**How to complete this task:** The expected output is a verbatim reprint of the lines from the beginning of the data that follows through the line that contains "The large covered".

Data under study section start

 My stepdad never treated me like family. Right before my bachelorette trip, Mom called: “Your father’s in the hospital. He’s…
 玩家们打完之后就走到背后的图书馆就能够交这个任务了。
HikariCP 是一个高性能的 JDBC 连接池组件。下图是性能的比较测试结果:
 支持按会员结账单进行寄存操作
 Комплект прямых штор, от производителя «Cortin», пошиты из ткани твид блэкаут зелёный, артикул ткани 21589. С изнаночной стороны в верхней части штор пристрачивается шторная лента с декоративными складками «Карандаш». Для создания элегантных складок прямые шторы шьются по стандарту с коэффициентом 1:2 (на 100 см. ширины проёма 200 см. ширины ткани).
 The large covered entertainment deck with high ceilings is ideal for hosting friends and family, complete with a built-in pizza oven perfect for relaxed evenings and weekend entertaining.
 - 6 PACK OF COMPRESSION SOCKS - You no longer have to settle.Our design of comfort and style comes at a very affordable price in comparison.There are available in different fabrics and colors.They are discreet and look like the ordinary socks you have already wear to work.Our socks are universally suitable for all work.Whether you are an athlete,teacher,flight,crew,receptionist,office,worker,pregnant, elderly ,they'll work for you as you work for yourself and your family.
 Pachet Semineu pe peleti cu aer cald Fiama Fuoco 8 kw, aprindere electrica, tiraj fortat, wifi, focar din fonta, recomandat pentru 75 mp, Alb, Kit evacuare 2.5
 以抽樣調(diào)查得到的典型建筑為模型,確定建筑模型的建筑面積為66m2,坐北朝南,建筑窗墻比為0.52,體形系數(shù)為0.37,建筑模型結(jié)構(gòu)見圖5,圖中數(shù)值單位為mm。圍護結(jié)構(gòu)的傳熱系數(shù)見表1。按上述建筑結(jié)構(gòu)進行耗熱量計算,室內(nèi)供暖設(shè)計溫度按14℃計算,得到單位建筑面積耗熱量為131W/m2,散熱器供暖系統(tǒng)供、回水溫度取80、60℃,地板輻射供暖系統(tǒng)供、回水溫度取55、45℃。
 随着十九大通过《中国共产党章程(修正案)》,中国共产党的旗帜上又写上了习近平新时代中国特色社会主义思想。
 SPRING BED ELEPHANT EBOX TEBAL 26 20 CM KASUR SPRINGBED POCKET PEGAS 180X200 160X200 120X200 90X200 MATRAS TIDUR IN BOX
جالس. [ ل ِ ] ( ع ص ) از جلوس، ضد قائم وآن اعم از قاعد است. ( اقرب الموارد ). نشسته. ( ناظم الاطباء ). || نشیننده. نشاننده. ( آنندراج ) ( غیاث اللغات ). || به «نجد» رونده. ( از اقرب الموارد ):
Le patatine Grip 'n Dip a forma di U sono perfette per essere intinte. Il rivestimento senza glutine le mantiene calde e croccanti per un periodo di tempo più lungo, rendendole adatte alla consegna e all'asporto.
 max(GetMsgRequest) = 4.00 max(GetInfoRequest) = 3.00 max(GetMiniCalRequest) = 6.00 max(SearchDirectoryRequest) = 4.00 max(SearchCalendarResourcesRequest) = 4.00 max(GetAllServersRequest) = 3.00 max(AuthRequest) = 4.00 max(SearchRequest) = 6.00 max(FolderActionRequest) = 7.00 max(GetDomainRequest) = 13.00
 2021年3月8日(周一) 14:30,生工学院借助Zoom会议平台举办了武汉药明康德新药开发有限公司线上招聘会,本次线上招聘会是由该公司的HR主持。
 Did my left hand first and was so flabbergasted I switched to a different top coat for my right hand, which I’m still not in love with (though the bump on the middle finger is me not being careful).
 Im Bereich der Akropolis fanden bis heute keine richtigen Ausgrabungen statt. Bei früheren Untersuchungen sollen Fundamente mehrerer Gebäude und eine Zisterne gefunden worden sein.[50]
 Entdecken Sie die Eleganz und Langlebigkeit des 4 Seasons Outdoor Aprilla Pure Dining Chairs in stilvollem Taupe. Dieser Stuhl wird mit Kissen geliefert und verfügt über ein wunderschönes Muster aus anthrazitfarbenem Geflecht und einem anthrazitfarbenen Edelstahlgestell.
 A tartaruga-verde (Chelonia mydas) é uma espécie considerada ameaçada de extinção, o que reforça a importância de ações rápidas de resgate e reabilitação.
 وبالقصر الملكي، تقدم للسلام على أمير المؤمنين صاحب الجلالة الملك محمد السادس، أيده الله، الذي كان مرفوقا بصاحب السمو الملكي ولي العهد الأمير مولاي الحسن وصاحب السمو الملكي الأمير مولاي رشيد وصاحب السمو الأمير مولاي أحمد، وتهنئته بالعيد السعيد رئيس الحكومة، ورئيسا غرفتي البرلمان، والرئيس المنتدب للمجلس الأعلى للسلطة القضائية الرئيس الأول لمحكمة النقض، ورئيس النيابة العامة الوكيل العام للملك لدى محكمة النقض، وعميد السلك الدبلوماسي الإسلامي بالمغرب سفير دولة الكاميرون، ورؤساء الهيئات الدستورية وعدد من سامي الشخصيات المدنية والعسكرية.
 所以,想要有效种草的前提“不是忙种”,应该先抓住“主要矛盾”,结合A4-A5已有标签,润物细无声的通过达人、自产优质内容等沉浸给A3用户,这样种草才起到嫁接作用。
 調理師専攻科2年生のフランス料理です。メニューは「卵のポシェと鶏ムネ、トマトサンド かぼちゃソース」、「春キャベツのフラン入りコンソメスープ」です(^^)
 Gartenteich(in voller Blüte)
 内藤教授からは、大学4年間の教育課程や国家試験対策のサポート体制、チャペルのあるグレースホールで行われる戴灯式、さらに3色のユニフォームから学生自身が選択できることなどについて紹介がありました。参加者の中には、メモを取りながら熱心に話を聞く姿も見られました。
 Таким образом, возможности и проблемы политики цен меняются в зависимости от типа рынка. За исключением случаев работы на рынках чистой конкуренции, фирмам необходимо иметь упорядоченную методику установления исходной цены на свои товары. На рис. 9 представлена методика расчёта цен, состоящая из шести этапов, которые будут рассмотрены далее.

Data under study section end

**Problem solution:**
 My stepdad never treated me like family. Right before my bachelorette trip, Mom called: “Your father’s in the hospital. He’s…
 玩家们打完之后就走到背后的图书馆就能够交这个任务了。
HikariCP 是一个高性能的 JDBC 连接池组件。下图是性能的比较测试结果:
 支持按会员结账单进行寄存操作
 Комплект прямых штор, от производителя «Cortin», пошиты из ткани твид блэкаут зелёный, артикул ткани 21589. С изнаночной стороны в верхней части штор пристрачивается шторная лента с декоративными складками «Карандаш». Для создания элегантных складок прямые шторы шьются по стандарту с коэффициентом 1:2 (на 100 см. ширины проёма 200 см. ширины ткани).
 The large covered entertainment deck with high ceilings is ideal for hosting friends and family, complete with a built-in pizza oven perfect for relaxed evenings and weekend entertaining.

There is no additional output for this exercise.